6.2 Equilibrium in Chemical Processes – Dynamic Equilibrium

CLASS-XI NCERT CHEMISTRY UNIT-6: Equilibrium 6.2 Equilibrium in Chemical Processes – Dynamic Equilibrium

Chemical equilibrium

Chemical reactions can occur both in forward and backward directions. When the rates of the forward and reverse reactions become equal, the concentrations of the reactants and the products remain constant. This is the stage of chemical equilibrium. This equilibrium is dynamic in nature as it consists of a forward reaction in which the reactants give product(s) and reverse reaction in which product(s) gives the original reactants.

For a better comprehension, let us consider a general case of a reversible reaction,
\(
\mathrm{A}+\mathrm{B} \rightleftharpoons \mathrm{C}+\mathrm{D}
\)
With the passage of time, there is an accumulation of the products \(\mathrm{C}\) and \(\mathrm{D}\) and depletion of the reactants A and B (Fig. 7.2). This leads to a decrease in the rate of forward reaction and an increase in the rate of the reverse reaction,. Eventually, the two reactions occur at the same rate and the system reaches a state of equilibrium.

Similarly, the reaction can reach the state of equilibrium even if we start with only \(\mathrm{C}\) and \(\mathrm{D}\); that is, no \(\mathrm{A}\) and \(\mathrm{B}\) being present initially, as the equilibrium can be reached from either direction.

Characteristics of Equilibrium states

Equilibrium state can only be achieved if a reversible reaction is carried out in a closed space.
Chemical equilibrium at a given temperature is characterised by the constancy of certain properties such as pressure, concentration, density or colour.
At equilibrium each reactant and each product have a fixed concentration and it is independent of the fact whether we start the reaction with the reactants or with the products.

\(
\begin{aligned}
& 2 \mathrm{HI} \leftrightharpoons \mathrm{H}_2+\mathrm{I}_2 \\
& \mathrm{H}_2+\mathrm{I}_2 \leftrightharpoons 2 \mathrm{HI}
\end{aligned}
\)

An equilibrium state is attained in a shorter time by the use of a positive catalyst.
It is dynamic in nature.
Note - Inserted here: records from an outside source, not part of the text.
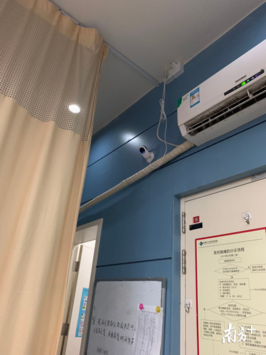 2月13日下午5点,市民赫小姐因发烧、心悸前往香港大学深圳医院就诊,在急诊科2号分流站做心电图检查时,赫小姐突然发现在墙面空调下方有一个闪烁蓝灯的监控探头正对着她的床位拍摄。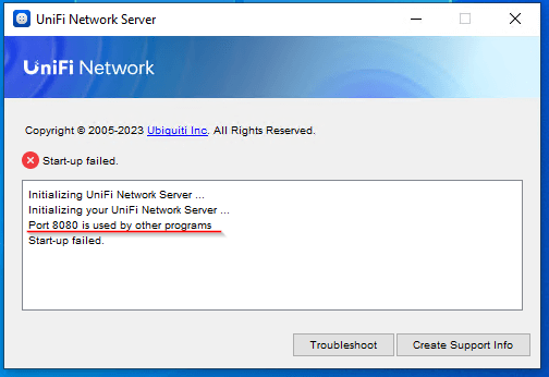 En el escenario contrario, recibiremos una alerta; por ejemplo, el software Unifi Network Application utiliza el puerto web 8080, y si existe otra aplicación o servicio que ya esté empleando dicho puerto, se nos informará al respecto.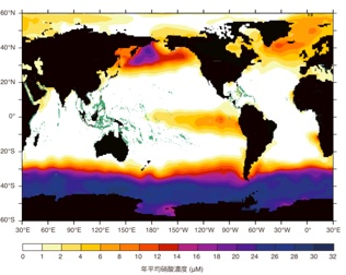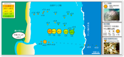 サンゴ礁は硝酸濃度が低い(白い部分)に分布している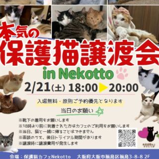 譲渡会のお知らせです。今月も1歳未満の子猫たちを中心に、成猫...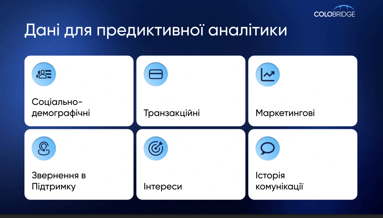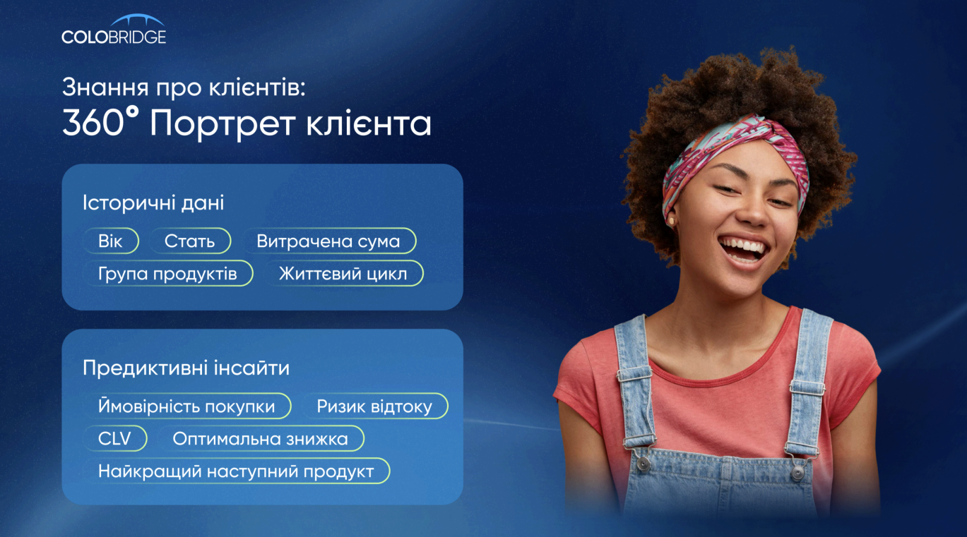 - Предиктивні інсайти: Інформація, отримана за допомогою предиктивної аналітики (ML-моделі), яка прогнозує поведінку клієнта в майбутньому.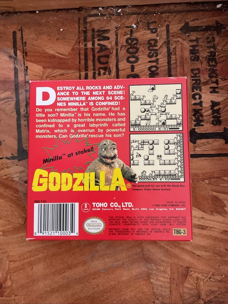Up for sale is a boxed copy of Godzilla for the Nintendo Gameboy. The condition is near mint with minimal wear present (see pics for more details). Game comes from my personal collection and is well cared for (comes with box Protector).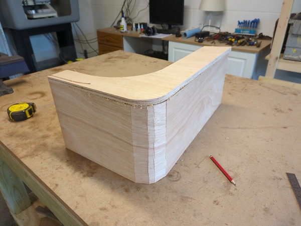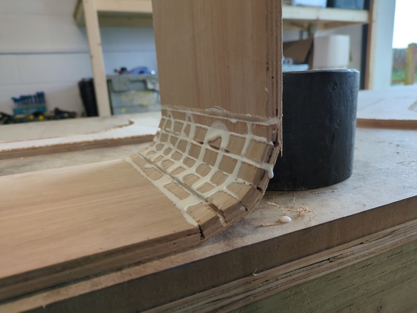 Once that glue has set I am going to attach battens to the insides of this bent piece, and then attach the sides to the battens, and then it should be strong enough to hold its shape and I can have a go at sanding out the lumps.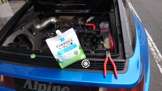 先日発生した冷却水の漏れを確認するため、念の為にクーラントを補充してみた。因みに最近のクーラントはまるで洗剤パッケージのような容器で売られている。濃い液を薄めて使うよりは、そのまま注入出来るものとしてて売られているのが殆どだ。まぁ、最近の新車はトラブルが少なく、ディーラーで整備込みの年間保証されているからユーザーが機械を触るなんて、まず無いのでしょう。 |
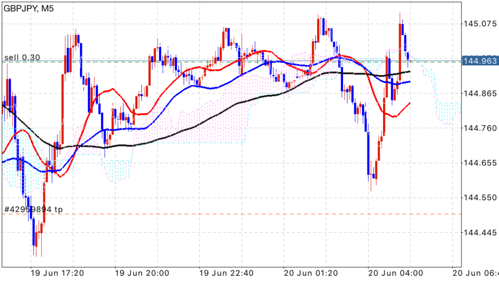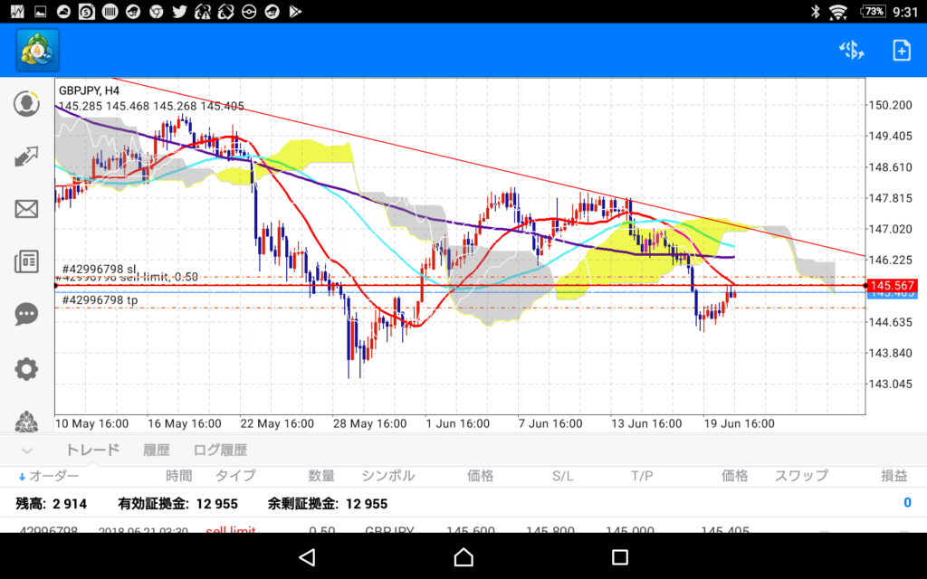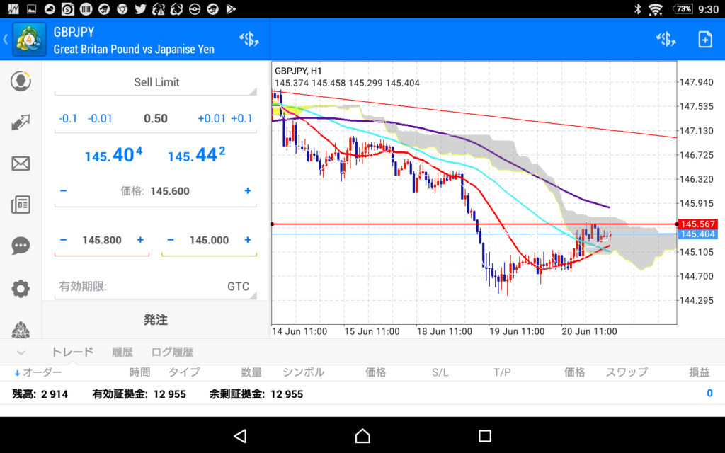 しかし、中途半端なポイントで仕掛けるとちょっとしたもみ合いの中で損切りを喰らってしまうかもしれないので、指値売りを仕掛けて少しでも良いポイントで勝負をしたいと思います。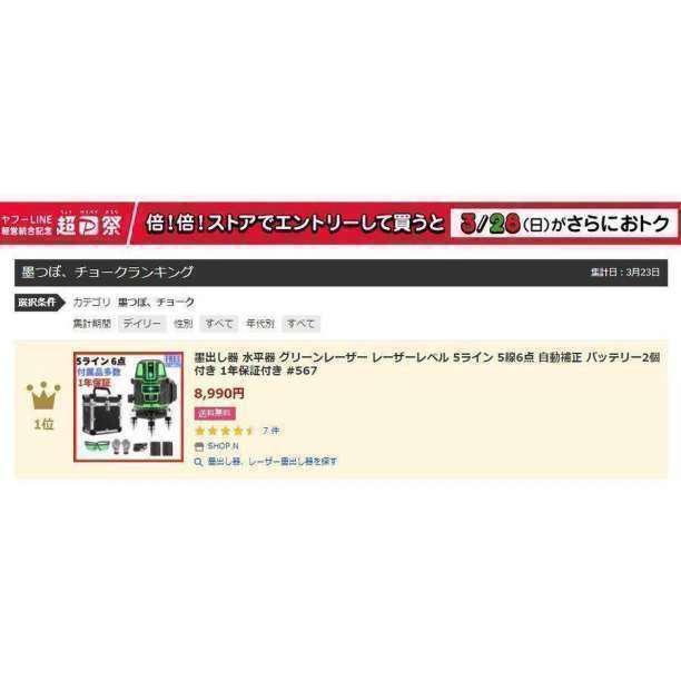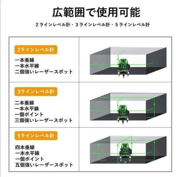 レーザー墨出し器 5ライン グリーン水平器 4方向大矩照射 自動補正機能 高輝度 照射【バッテリー2個付き】 (本体+バッテリー2個)

However, the reaction seems to have come to a standstill because the concentration of reactants and products does not change.
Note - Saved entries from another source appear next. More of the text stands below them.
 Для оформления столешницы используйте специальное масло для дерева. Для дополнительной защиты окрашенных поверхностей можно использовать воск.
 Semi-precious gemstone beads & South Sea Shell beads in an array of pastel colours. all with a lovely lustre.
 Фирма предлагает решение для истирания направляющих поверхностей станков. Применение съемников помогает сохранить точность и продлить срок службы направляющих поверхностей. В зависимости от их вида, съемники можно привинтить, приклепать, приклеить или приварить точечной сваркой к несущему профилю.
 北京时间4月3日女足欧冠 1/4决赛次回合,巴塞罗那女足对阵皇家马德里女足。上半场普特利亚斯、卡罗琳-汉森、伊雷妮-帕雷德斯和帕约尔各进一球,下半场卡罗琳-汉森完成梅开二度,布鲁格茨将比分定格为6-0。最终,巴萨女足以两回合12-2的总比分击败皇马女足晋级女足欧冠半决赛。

Why Is Chemical Equilibrium Called Dynamic Equilibrium?

Chemical reactions can either go in both directions (forward and reverse) or only in one direction. The ones that go in two directions are known as reversible reactions, and you can identify them by the arrows going in two directions, like the example below.
\(
\mathrm{H} 2 \mathrm{O}(\mathrm{l}) \rightleftharpoons \mathrm{H}^{+}(\mathrm{aq})+\mathrm{OH}^{-}(\mathrm{aq})
\)
Dynamic equilibrium only occurs in reversible reactions, and it’s when the rate of the forward reaction is equal to the rate of the reverse reaction. These equations are dynamic because the forward and reverse reactions are still occurring, but the two rates are equal and unchanging, so they’re also at equilibrium.
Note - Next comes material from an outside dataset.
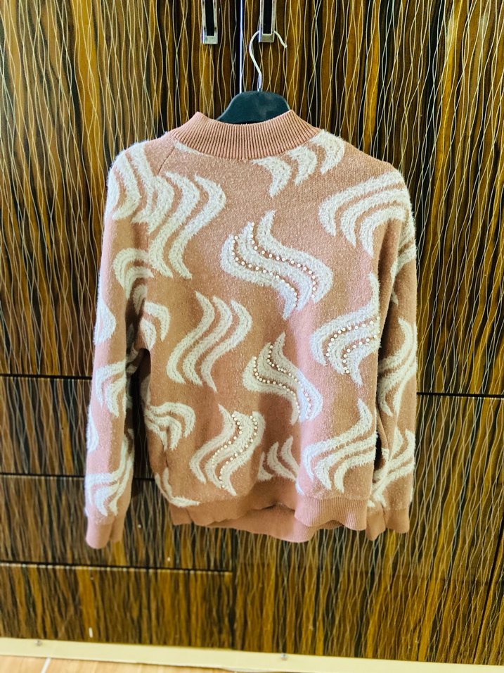 Pastel kahverengi, uzun kollu, bol kesim, kısa boy, bohem tarzda örgü kazak. Rahat ve günlük kullanıma uygun.

Dynamic equilibrium is an example of a system in a steady state. This means the variables in the equation are unchanging over time (since the rates of reaction are equal). If you look at a reaction in dynamic equilibrium, it’ll look like nothing is happening since the concentrations of each substance stay constant. However, reactions are actually continuously occurring.

Dynamic equilibrium doesn’t just occur in chemistry labs though; you’ve witnessed a dynamic equilibrium example every time you’ve had a soda. In a sealed bottle of soda, carbon dioxide is present in both the liquid/aqueous phase and the gaseous phase (bubbles). The two phases of carbon dioxide are in dynamic equilibrium inside the sealed soda bottle since the gaseous carbon dioxide is dissolving into the liquid form at the same rate that the liquid form of carbon dioxide is being converted back to its gaseous form.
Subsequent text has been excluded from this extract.